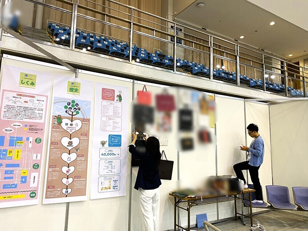 こんにちは!まっつんです 本日から二日間、福岡で開催される九州印刷情報産業展に出展中です! ブースにはスタッフ3人で皆様をお出迎えします。 お陰様で大盛況です! 今回、ブースの看板代わりに特別仕様の巨大な手提げ袋を製作しました! ぜひお立ち寄りください 🙂
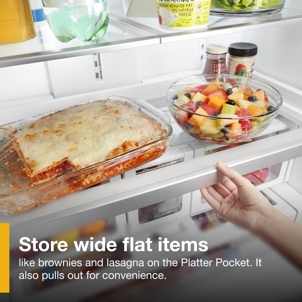 Store wide, flat items like brownie pans, lasagna, and more on the Platter Pocket (it pulls out to make items easy to get)
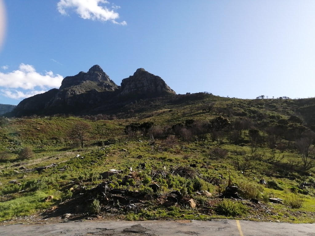 A view of Devils Peak and Table Mountain to the left from Rhodes Memorial car park, Newlands Cape Town
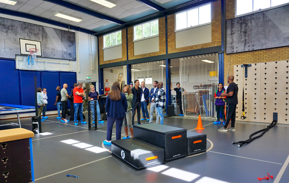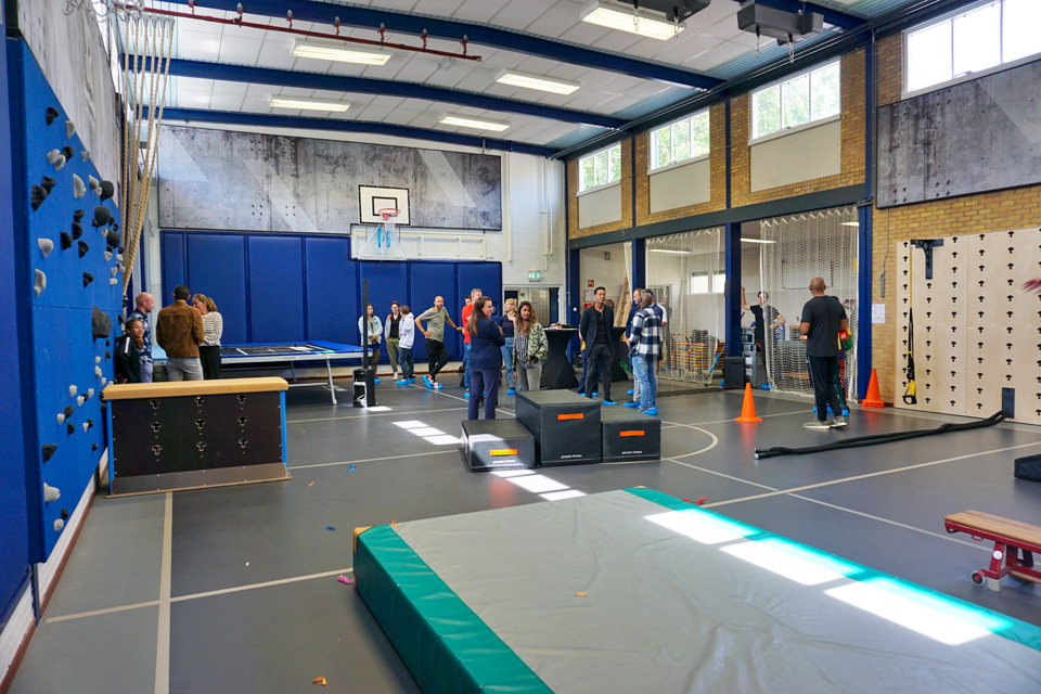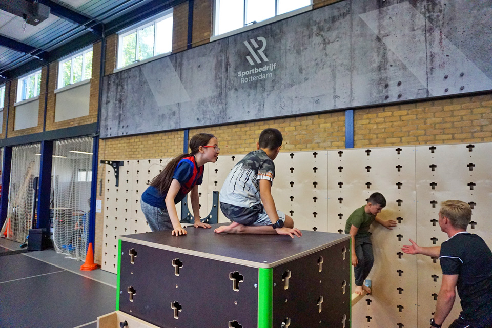 In april 2022 openden de deuren van onze Urban Sports Gymzaal, de derde showcase die we opleverden. Bij een showcase proberen we innovatieve producten en concepten uit om vervolgens te beoordelen in hoeverre ze geschikt zijn om toe te passen in andere gymzalen. De Urban Sports Gymzaal is een gymzaal die naast de gewone gymlessen ook geschikt is voor urban sports als freerunnen, bootcamp en crossfit. Wat er anders is? De wall jumper, een trampoline op de wand, bijvoorbeeld. En de cubewand zorgt ervoor dat een sportaanbieder elementen in de wand kan klikken. Extra obstakels voor freerunnen of een circuit voor bootcamp bijvoorbeeld.
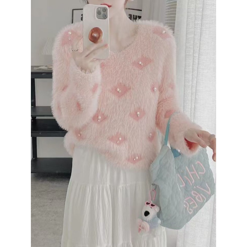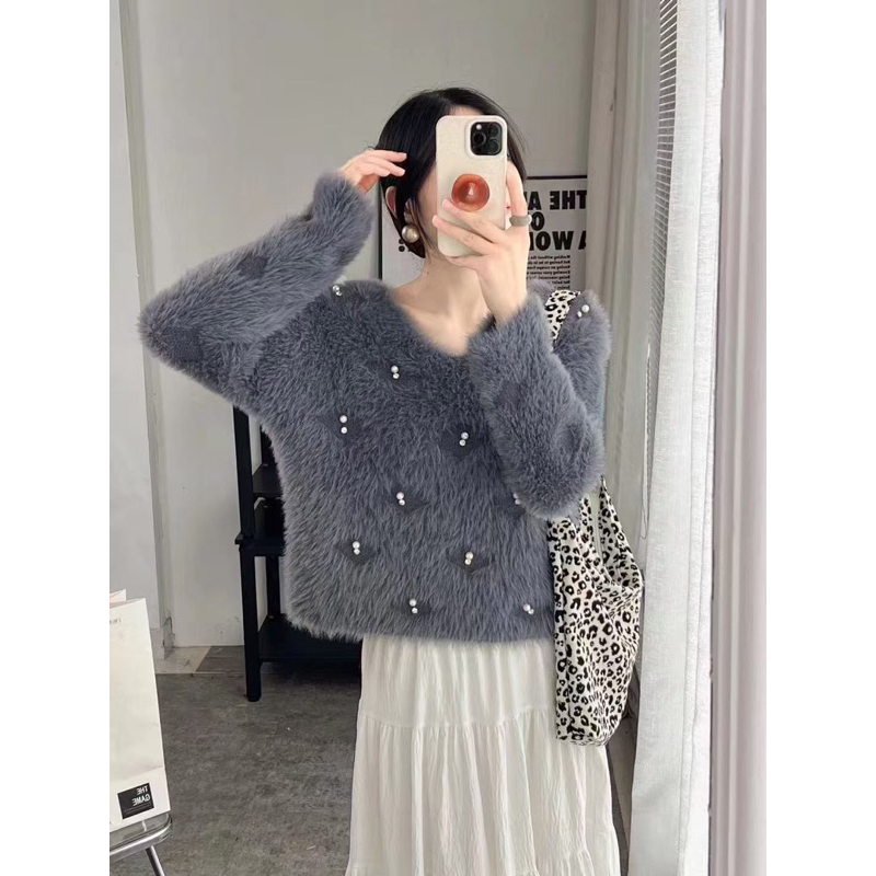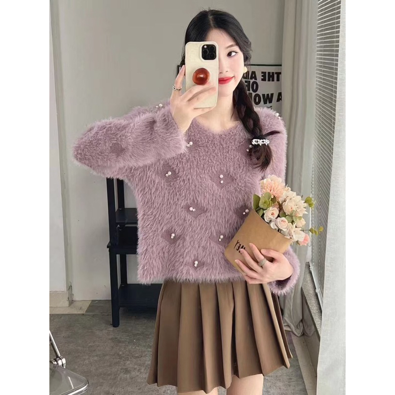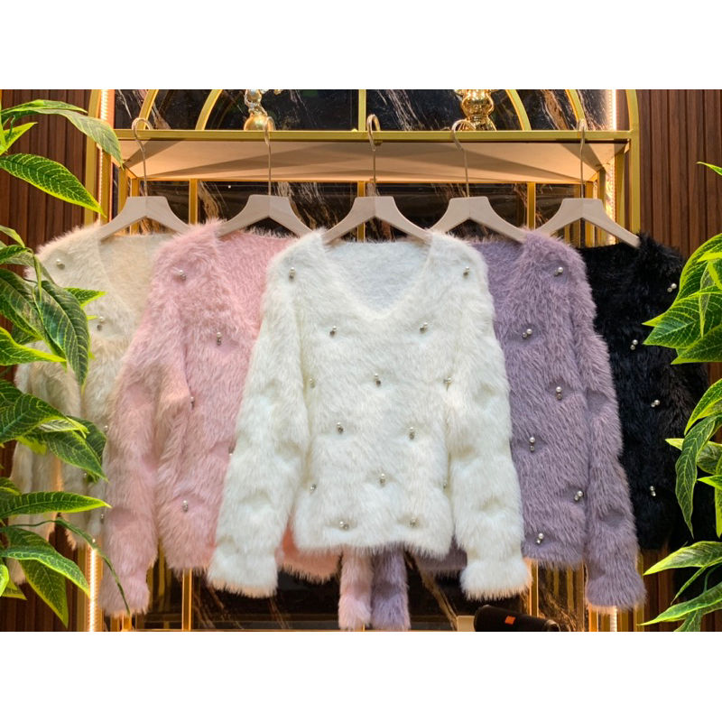 FW B1752 Sweater Blouse Rajut Bulu-bulu Import Premium
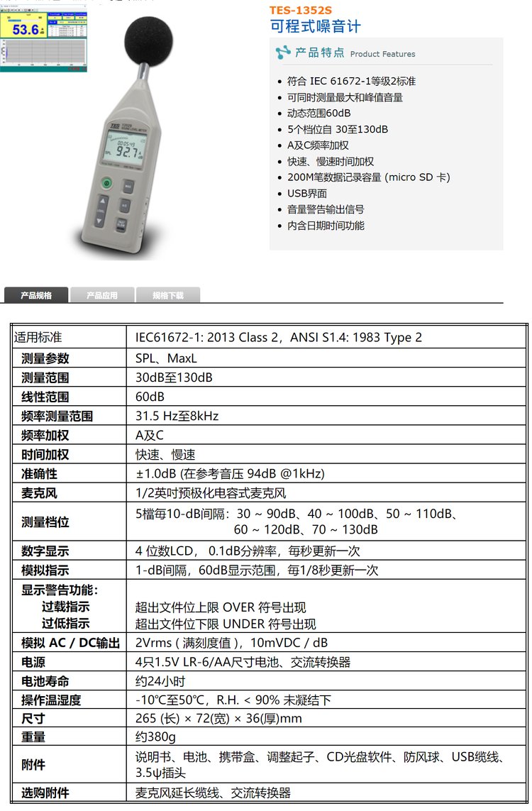 泰仕TES数字噪音计分贝仪声级计TES-1352S/积分式TES-1353S 品牌 | 泰仕TES | ||
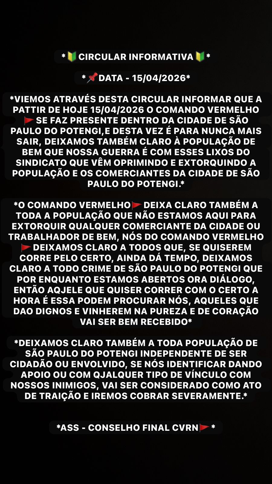 Na mensagem, os criminosos dizem que o alvo da guerra seria os rivais envolvidos com extorsões e ameaças contra comerciantes e a população.

• • • • •

## To do:
Restate the data above word for word, so that the only difference is the missing pictures.

## Exercise output:
 こんにちは!まっつんです 本日から二日間、福岡で開催される九州印刷情報産業展に出展中です! ブースにはスタッフ3人で皆様をお出迎えします。 お陰様で大盛況です! 今回、ブースの看板代わりに特別仕様の巨大な手提げ袋を製作しました! ぜひお立ち寄りください 🙂
 Store wide, flat items like brownie pans, lasagna, and more on the Platter Pocket (it pulls out to make items easy to get)
 A view of Devils Peak and Table Mountain to the left from Rhodes Memorial car park, Newlands Cape Town
 In april 2022 openden de deuren van onze Urban Sports Gymzaal, de derde showcase die we opleverden. Bij een showcase proberen we innovatieve producten en concepten uit om vervolgens te beoordelen in hoeverre ze geschikt zijn om toe te passen in andere gymzalen. De Urban Sports Gymzaal is een gymzaal die naast de gewone gymlessen ook geschikt is voor urban sports als freerunnen, bootcamp en crossfit. Wat er anders is? De wall jumper, een trampoline op de wand, bijvoorbeeld. En de cubewand zorgt ervoor dat een sportaanbieder elementen in de wand kan klikken. Extra obstakels voor freerunnen of een circuit voor bootcamp bijvoorbeeld.
 FW B1752 Sweater Blouse Rajut Bulu-bulu Import Premium
 泰仕TES数字噪音计分贝仪声级计TES-1352S/积分式TES-1353S 品牌 | 泰仕TES | ||
 Na mensagem, os criminosos dizem que o alvo da guerra seria os rivais envolvidos com extorsões e ameaças contra comerciantes e a população.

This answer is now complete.